One minute you’re seeing a budget surplus and folks are happy. The next, you’re suddenly losing people and traffic is a monster. Trying to find the sweet spot in making sure every need is met can be fun when there’s more transparency. In SimCity, you just have to go by what you’re told and believe your actions will placate the masses.

When you build a casino town, you’re going to find out that crime will constantly outstrip your police unless you devote a bloated amount of your budget to police coverage. Fires? Those are caused by dumb Sims who don’t know how not to start fires. You’re going to need to get them educated so they won’t play with matches (seriously).

How is it balanced that the basic idea of “not starting fires” isn’t an inborn trait in most Sims? Why are there thousands of workers but only a fraction of them have jobs? (This was later surmised to be the work of phantom sims beefing up the population count).

SimCity gives you an idea of how to make sure all your plates are spinning well, but then tosses that out the window at some points. The game feels undercooked.

The idea of regional hubs with cities specializing adds a new twist to SimCity… in theory. In practice, the times I played multi-player, the perks of different cities did not become available to their region mates. The Great Works and specialization options are intriguing. There are some good ideas here, but the execution… yeah…

There are elements of SimCity that lead one to believe they’ll be playing for quite some time. The promise of open-endedness that is assumed with the series is one. The other is the possibilities opened up for multiplayer experiences. However, in its current state, SimCity is too broken to do anything other than break any spell possibly cast on a player. Server disconnects, regional sharing not working, traffic AI issues – they all work against giving the game another chance. SimCity is the bath salts of video games. You may get hooked, but eventually someone’s face is going to be eaten.

scivSimCity veterans will be turned off by the small city size and always on DRM requirement… oh and constant disconnects. New players may be turned confused by the entire concept… and the constant disconnects. Players on the fence can be left wanting by the constant disconnects. In essence – EA made a game that has universally no appeal. There’s just not enough good to outweigh the bad when it comes to playing this game.

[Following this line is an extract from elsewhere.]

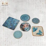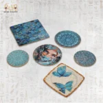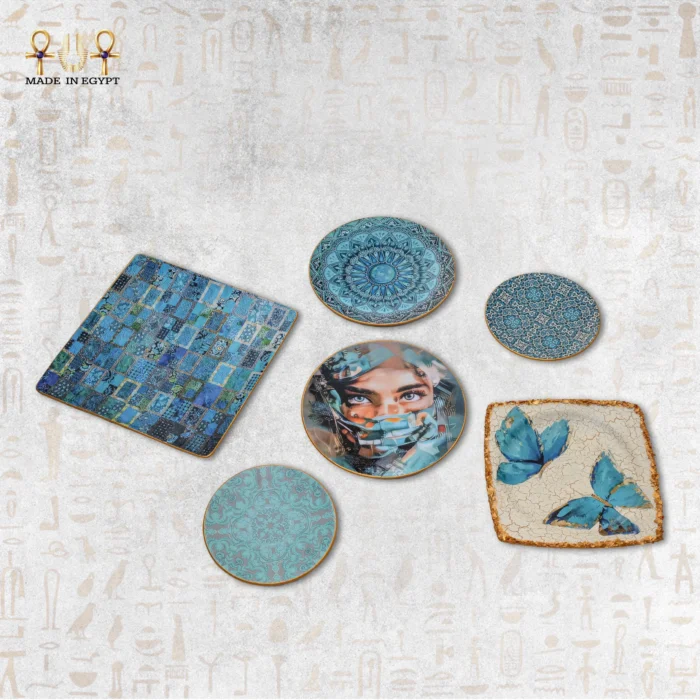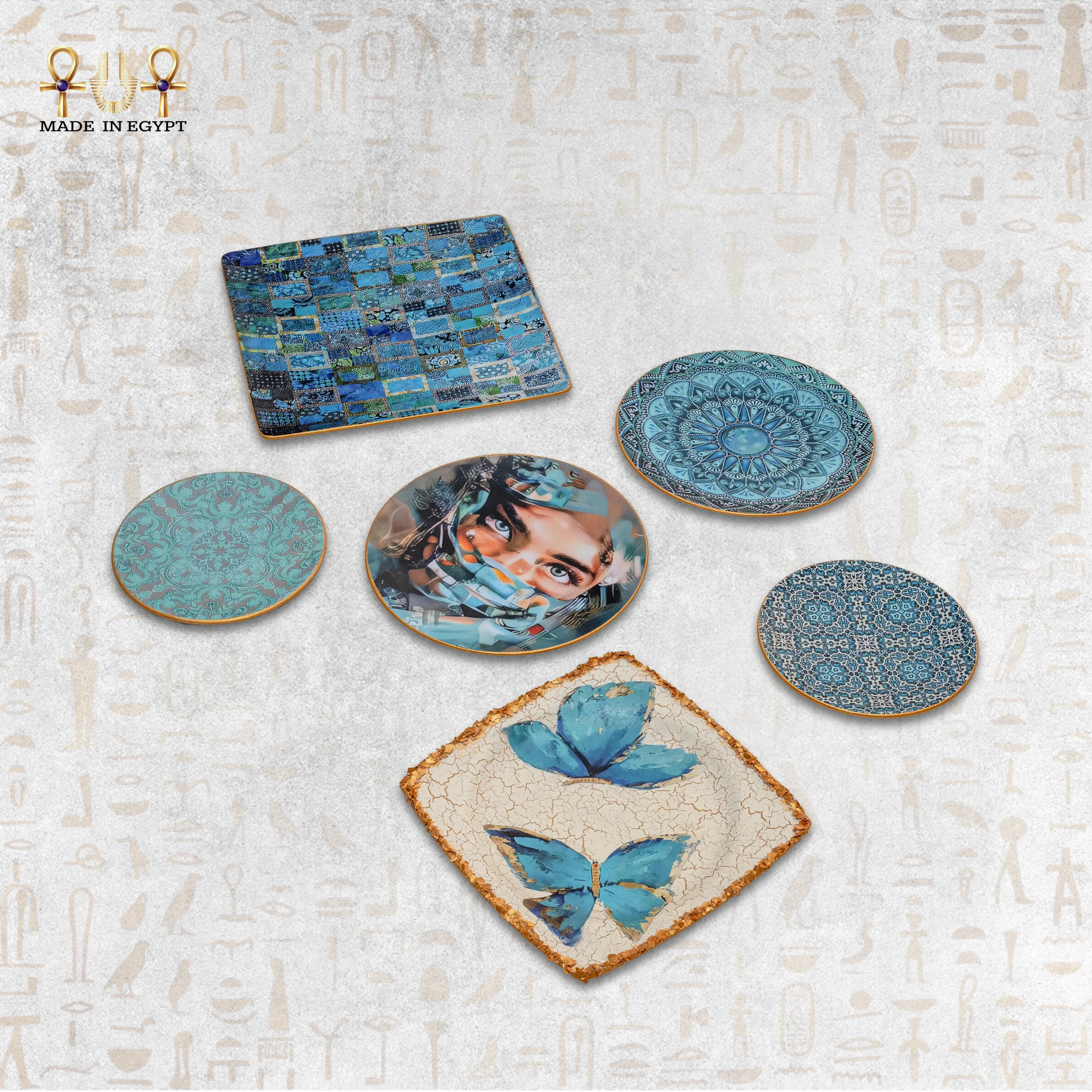 بالإضافة إلى ذلك، تحتوي المجموعة على لوحات مزخرفة بزخارف هندسية ونقوش دقيقة مستوحاة من الفنون الشرقية، مما يكمل الطابع الفني العام. كما تضيف لوحة الفراشات إحساسًا بالرقة والحركة، ما يعزز توازن المجموعة ويمنحها روحًا متجددة. علاوة على ذلك، تناغم الألوان بين الأزرق والذهبي الخفيف والبيج يخلق جمالية متناسقة تناسب غرف المعيشة، غرف النوم، المكاتب، أو أي زاوية تحتاج إلى لمسة فنية مميزة.
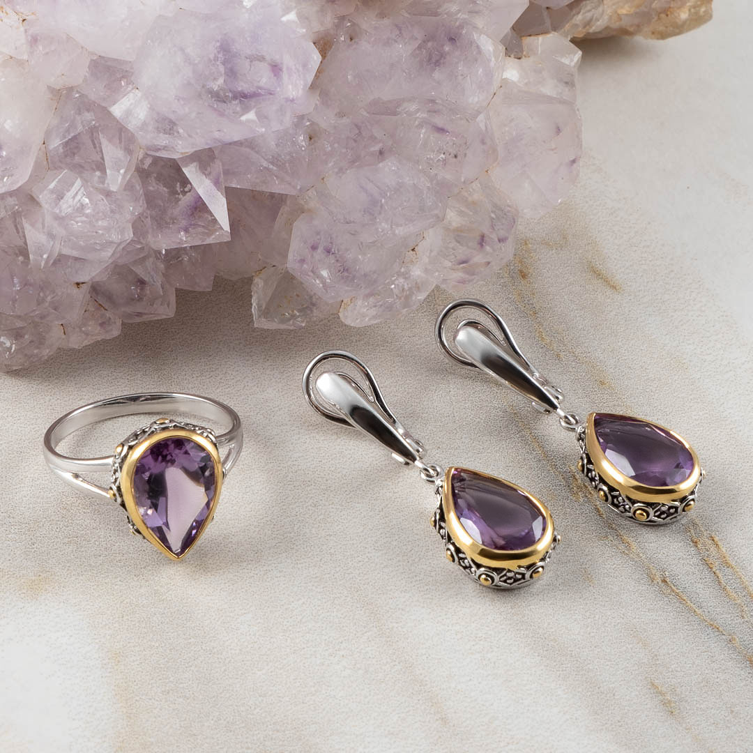 Аметист - камень чистоты и преданности. Во все времена он был символом искренности и миролюбия. Его завораживающий лавандовый цвет способствует успокоению, очищению сознания, настраивает на умиротворение и гармонию.

The botched release really hurt this game, and it isn’t as if this game had much going in its favor. It took me ages to be able to even play the damn thing, only to get booted off the server and stuck waiting for twenty minutes. The inane, have to wait to bypass tutorial that tries to start on every server, the utter lack of foresight into the launch, the nanny state against players disguised and lauded as “multi-player features”, the DLC that could be had if you bought the Special Super Ultra Limited Amazing Hyper Fighting featuring Virtua edition 2 with Matching Service edition even though there was already a digital deluxe edition.

More and more of EA/Maxis’s lies have been exposed. You can read more about them all across the Internet (I recommend Rock, Paper, Shotgun’s amazing coverage). Basically, if EA said it, it probably was a lie. The continued existence of The Sims bringing elements of that game along for the ride… the list can go on but really, this is a giant steaming heap of feces.

Short Attention Span Summary:
Lies, damned lies, and pre-order hype. SimCity 2013 is a game that could have been fun, but is pretty much digitized poop with apologists (both paid robots and Maxis talking heads) saying this was their vision. I don’t think any studio sets out to make the worst game ever… except for Color Dreams. Avoid this game until it hits the bargain bin.